The remote site is using an Alix.2D13 (http://store.netgate.com/-P40.aspx) board. And now that you mention it that site does say it comes with an OCF encryption accelerator. I enabled the Crypto option as you suggest and ran the test again (mind that the tunnel is active so the results will be a little scewed) and got this:
type 16 bytes 64 bytes 256 bytes 1024 bytes 8192 bytes
md2 329.17k 708.05k 996.65k 1118.89k 1148.68k
mdc2 549.04k 637.85k 659.26k 663.64k 655.26k
md4 2289.13k 7854.97k 21920.32k 40305.54k 52503.86k
md5 1753.12k 5772.70k 15143.99k 26220.17k 32645.97k
hmac(md5) 2004.90k 6419.02k 16479.07k 26775.02k 33190.16k
sha1 1475.25k 4074.76k 8455.58k 11490.71k 12844.19k
rmd160 1468.63k 4096.69k 8569.98k 11790.03k 13403.30k
rc4 22092.32k 26689.23k 27538.92k 27871.09k 27791.23k
des cbc 5988.65k 6292.11k 6409.92k 6530.34k 6423.43k
des ede3 2176.81k 2194.97k 2241.66k 2237.70k 2205.02k
idea cbc 0.00 0.00 0.00 0.00 0.00
seed cbc 0.00 0.00 0.00 0.00 0.00
rc2 cbc 2854.43k 2940.76k 3002.53k 2941.11k 2999.06k
rc5-32/12 cbc 16558.64k 19628.17k 20311.70k 20462.82k 20403.23k
blowfish cbc 9999.56k 10856.40k 11422.71k 11376.40k 11248.24k
cast cbc 8665.50k 9402.30k 9916.11k 9865.39k 9650.14k
aes-128 cbc 5381.94k 5666.46k 5714.98k 5762.96k 5767.86k
aes-192 cbc 4734.72k 4987.94k 4974.26k 5053.12k 5030.78k
aes-256 cbc 4266.21k 4379.63k 4440.91k 4463.24k 4461.63k
camellia-128 cbc 5725.98k 6261.62k 6313.85k 6278.99k 6223.47 k
camellia-192 cbc 4604.60k 4865.82k 4862.31k 4924.04k 4892.54 k
camellia-256 cbc 4502.63k 4857.29k 4870.93k 4862.82k 4926.56 k
sha256 1007.89k 2288.96k 3873.00k 4783.14k 5079.48k
sha512 390.13k 1567.99k 2360.24k 3260.45k 3649.77k
aes-128 ige 5449.03k 5863.30k 6074.94k 6049.77k 6101.76k
aes-192 ige 4723.68k 5036.47k 5225.38k 5217.74k 5220.90k
aes-256 ige 4214.93k 4501.45k 4583.63k 4629.43k 4645.62k
sign verify sign/s verify/s
rsa 512 bits 0.006918s 0.000674s 144.6 1484.0
rsa 1024 bits 0.031551s 0.001653s 31.7 605.0
rsa 2048 bits 0.179939s 0.004950s 5.6 202.0
rsa 4096 bits 1.113613s 0.016874s 0.9 59.3
sign verify sign/s verify/s
dsa 512 bits 0.005288s 0.006044s 189.1 165.5
dsa 1024 bits 0.014283s 0.016861s 70.0 59.3
dsa 2048 bits 0.045229s 0.053605s 22.1 18.7I'm not sure I see much of an improvement, at least for that test. Secondly, I switched over the tunnel to be as follows:
IPSec Site-to-Site
PH1:
Auth: Mutual PSK
Neg: main
Policy: Default
Proposal: Default
Enc: AES (128 bits)
Hash: SHA1
DH: 2PH 2:
Proto: ESP
Enc: AES (128 bits)
Hash: SHA1I'm not seeing much of a difference in the tunnel. Is this the part in ADVANCED -> SYSTEM TUNABLES that I would change and if so what are some options that I should try? Also, would I change this on both sides or just the remote side (As I have other VPNs to other sites as well that I don't want to effect yet)?

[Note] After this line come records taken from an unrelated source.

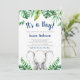Adorável chá de fraldas de elefante azul-marinho com design de folhas tropicais de cor aquosa e elefante para bebês.
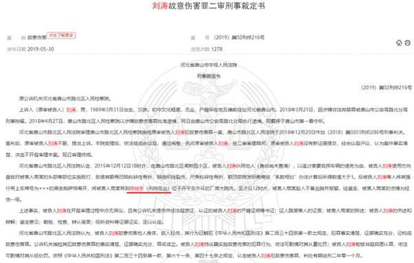 2018年12月20日,唐山市路北区人民法院,作出刑事判决,被告人刘涛犯故意伤害罪,判处有期徒刑二年零一个月。刘涛不服,提起上诉,2019年3月,河北省唐山市中级人民法院作出终审判决,驳回上诉,维持原判。
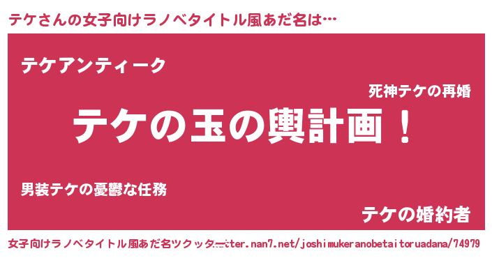 | 可愛いあだ名 | 『テケぷりん』『テケうちぇる』 |
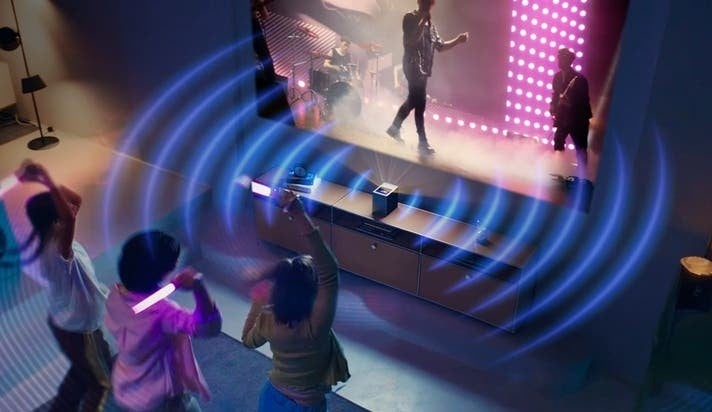 「LG CineBeam S」は、壁との距離わずか約8cmで40インチ、約40cmで100インチの大画面を投影可能。大画面を投影するために、家具の配置を変えて距離を確保する必要もありません。また、壁そば設置が可能なため、投影場所とプロジェクターの間を横切っても映像視聴の邪魔になることなく、動画を投影しながら運動したり、立ったままスポーツ観戦したり、自由なコンテンツ視聴を実現。リビングルームはもちろん、書斎や寝室など、どんな空間でも壁の前に置くだけで没入感ある映像体験を提供します。

net.inet.tcp.recvspace Maximum incoming/outgoing TCP datagram size (receive) default (65228)
net.inet.tcp.sendspace Maximum incoming/outgoing TCP datagram size (send) default (65228)
I really appreciate everyone's help and I'll do my best to provide the data you need to help me. I hope this helps other in the future as well!